Building a Multi-Tier Search System for Prediction Markets
This article covers the search implementation for a Solana-based prediction market platform, where users can find events across sports, crypto, politics, and esports categories. The system uses a three-tier fallback strategy: PostgreSQL full-text search, trigram fuzzy matching, and AI semantic search, ensuring high recall without sacrificing response times for common queries.
Database Foundation
The search relies on PostgreSQL's full-text search capabilities. Each event has a search_vector column (tsvector) that indexes the title and description for efficient text matching. The pg_trgm extension enables fuzzy matching via trigram similarity, catching typos and partial inputs that full-text search would miss.
Search Alias Expansion
Before hitting the database, common abbreviations are expanded into richer search terms. A user searching "nfl" gets results for "american football" and "super bowl" automatically:
export const SEARCH_ALIASES: Record<
string,
{ category?: string; subcategory?: string; expandedTerms?: string[] }
> = {
nfl: {
category: "sports",
subcategory: "nfl",
expandedTerms: ["american football", "super bowl"],
},
btc: { category: "crypto", expandedTerms: ["bitcoin"] },
ucl: {
category: "sports",
subcategory: "ucl",
expandedTerms: ["champions league", "uefa"],
},
// ...
};
Each alias also provides category and subcategory filters, narrowing results to relevant event types without extra user input.
Three-Tier Search Strategy
The system uses a fallback approach where each tier activates only if the previous one returns no results.
Tier 1: Full-Text Search with Prefix Matching
The primary search uses PostgreSQL's websearch_to_tsquery for natural language queries, combined with prefix matching on the last word for type-ahead behavior:
SELECT *
FROM "prediction_events"
WHERE "isActive" = true
AND "provider" = $1
AND (
"search_vector" @@ websearch_to_tsquery('english', $2)

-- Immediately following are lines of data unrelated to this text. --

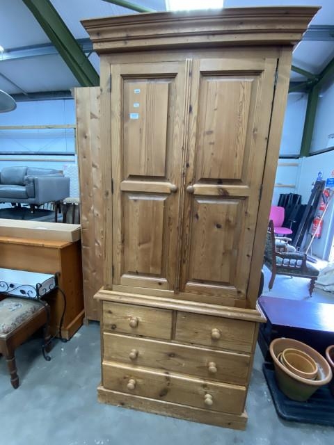 Pine 2 door/4 drawer wardrobe with hanging rail to the interior 204H 95W 56D
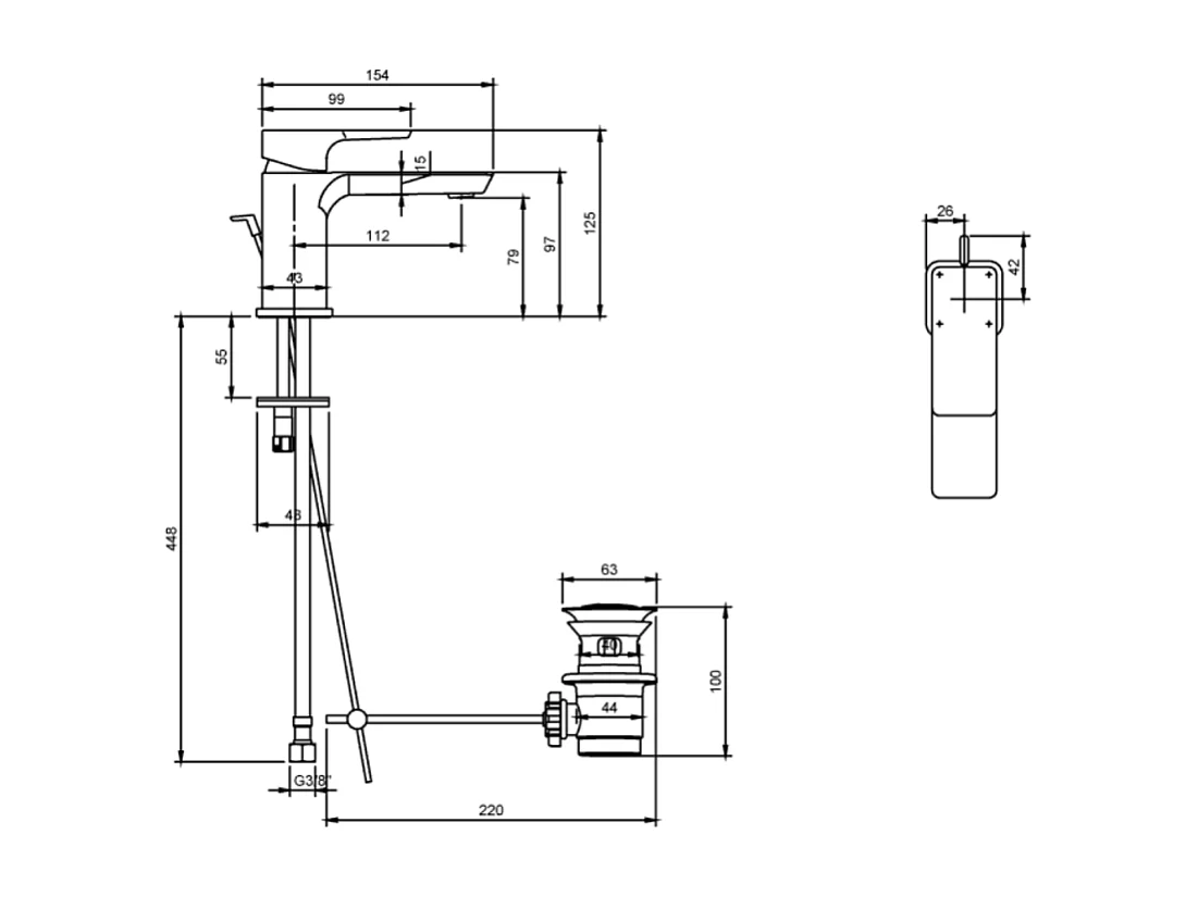 Mitigeur lavabo compact VILLEROY ET BOCH Subway 3.0 avec tirette Noir mat
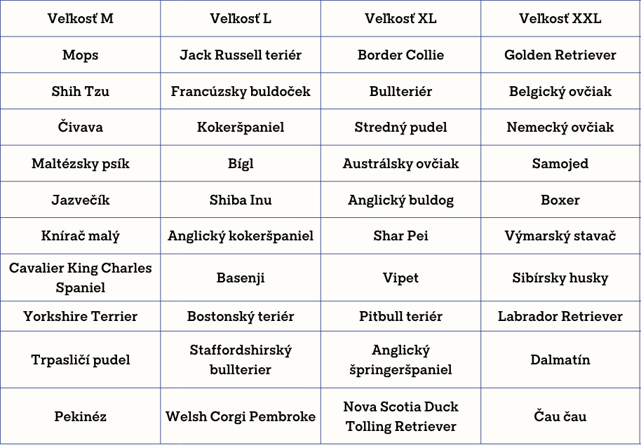 Stačí pozrieť do tabuľky a nájsť plemeno svojho psa.
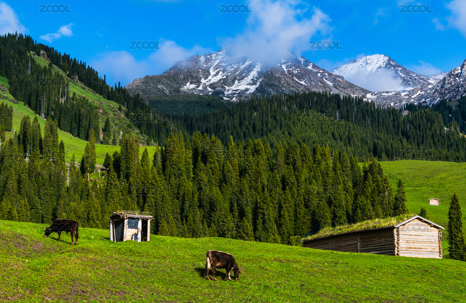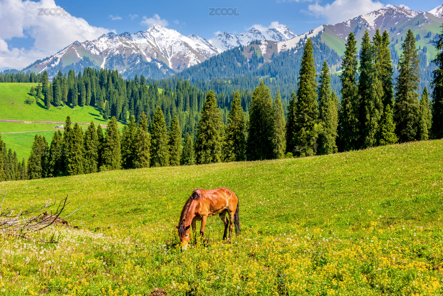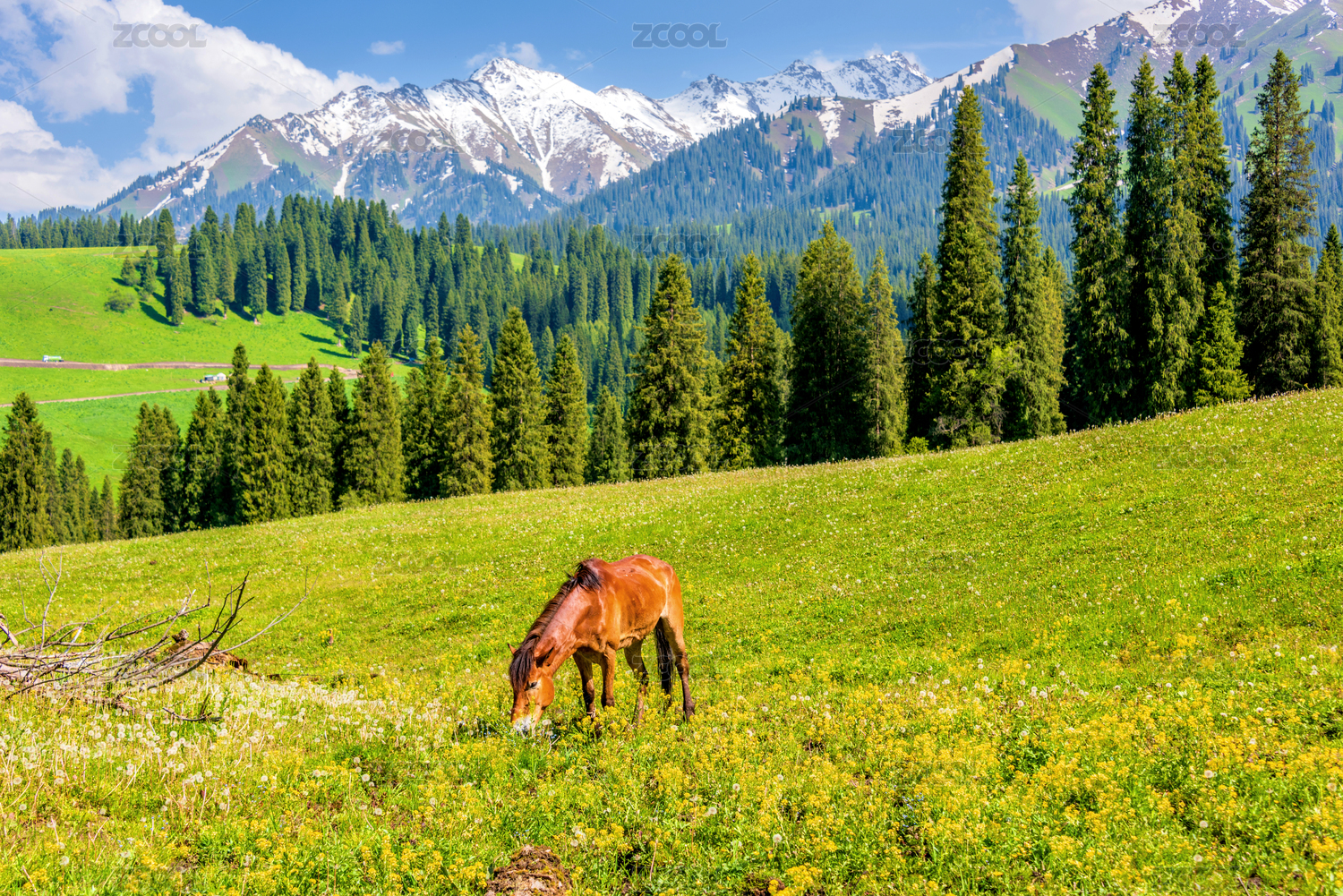 中国新疆伊犁琼库什台雪山森林草原牧场马

OR "search_vector" @@ to_tsquery('english', $lastWord || ':*')
)
ORDER BY
"isLive" DESC,
(ts_rank("search_vector", websearch_to_tsquery('english', $2)) * 2
+ COALESCE(similarity(title, $2), 0)) DESC,
"volumeUsd" DESC
Results are ranked by a weighted combination of text relevance and string similarity, with live events always prioritized at the top.
Tier 2: Trigram Similarity
When full-text search returns nothing (typos, partial matches), the system falls back to fuzzy matching:
SELECT *
FROM "prediction_events"
WHERE "isActive" = true
AND similarity(title, $1) > 0.15
ORDER BY similarity(title, $1) DESC
The 0.15 threshold balances recall with precision, low enough to catch typos but high enough to filter noise.
Tier 3: AI Semantic Search
As a last resort, Claude semantically matches the query against all event titles. This handles intent-based queries that don't match keywords literally:
const prompt = Given the user's search query and a list of available events,
return the eventIds that best match the user's intent.
User search query: "${searchTerm}"
Available events:
${eventList}
Return ONLY a JSON array of eventIds...;
This tier is expensive (API call + fetching all titles), so it only runs when traditional methods fail.
Putting It Together
The main search method orchestrates all tiers:
async searchEvents({
provider,
query,
limit,
anthropicApiKey,
}): Promise<PredictionEventWithMarkets[]> {
const { expandedTerm, category, subcategory } =
this.expandSearchWithAliases(query);
let results = await this.fullTextSearch(
provider, expandedTerm, limit, category, subcategory
);
if (results.length === 0) {
results = await this.trigramSearch(
provider, query, limit, category, subcategory
);
}
if (results.length === 0 && anthropicApiKey) {
results = await this.aiSemanticSearch(
provider, query, limit, anthropicApiKey
);
}
return this.injectMarketsIntoEvents(results);
}
Note that trigram search uses the original query (not the expanded term) since fuzzy matching works better with the user's actual input.
Tradeoffs
- Alias maintenance: The alias map requires manual updates for new terms
- AI cost: Semantic search adds latency and API costs, but only triggers on edge cases
- Category filtering: Aliases lock queries to specific categories, which may exclude relevant cross-category results
The tiered approach ensures fast responses for common queries while maintaining high recall for ambiguous searches.